Domestic Workers in the Arabian Gulf: Precarity, reality, and resistance
Abstract
This paper’s aim is to further the literature on the global Migrant Domestic Workers (MDWs) social movement aimed at denouncing their exploitation and asserting the value of their labour as an irreplaceable contribution to the functioning of society. The Gulf region has been largely absent in this literature. This article argues that this exclusion from the migrant-led domestic care mobilisation in no way implies that MDWs have made no efforts in Gulf states to improve their labour conditions, but that the context in which they are employed make it such that they are unable to organise together due to the stern policing and isolating norms that prevail.

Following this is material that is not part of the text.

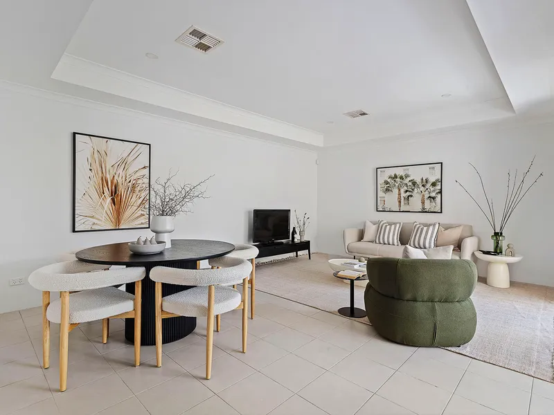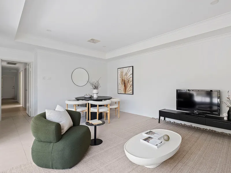 The well-equipped kitchen offers ample storage and includes a dishwasher for added convenience. Stay comfortable year-round with efficient air conditioning. The European-style laundry adds a touch of sophistication to daily chores.

Instead, their resistance is predominantly situated within the confines they are subjected to, resulting in what has been called “everyday resistance.” Drawing on relevant secondary literature on the systemic precarity experienced by domestic workers in the Gulf region and feminist scholarship on MDWs micro-level, everyday assertions, this article argues that the confined living situations under the Kafala labour system set the terms and conditions for how MDWs political resistance can be - and is - expressed.1 By focusing on a global social movement premised on outward expressions of protest, the existing literature’s omission of micro-level acts of resistance results in MDWs in certain contexts being overlooked as agents of social activism in their own right. This article contextualizes the strategies of resistance made by MDWs in the Gulf region by first examining the systemic and gendered control under the Kafala system. It then argues that the inclusion of everyday resistance allows for a more holistic vision of MDWs assertions of labour rights consciousness and ultimately of justice, one that includes a defensive protection of personal dignity and notions of selfhood.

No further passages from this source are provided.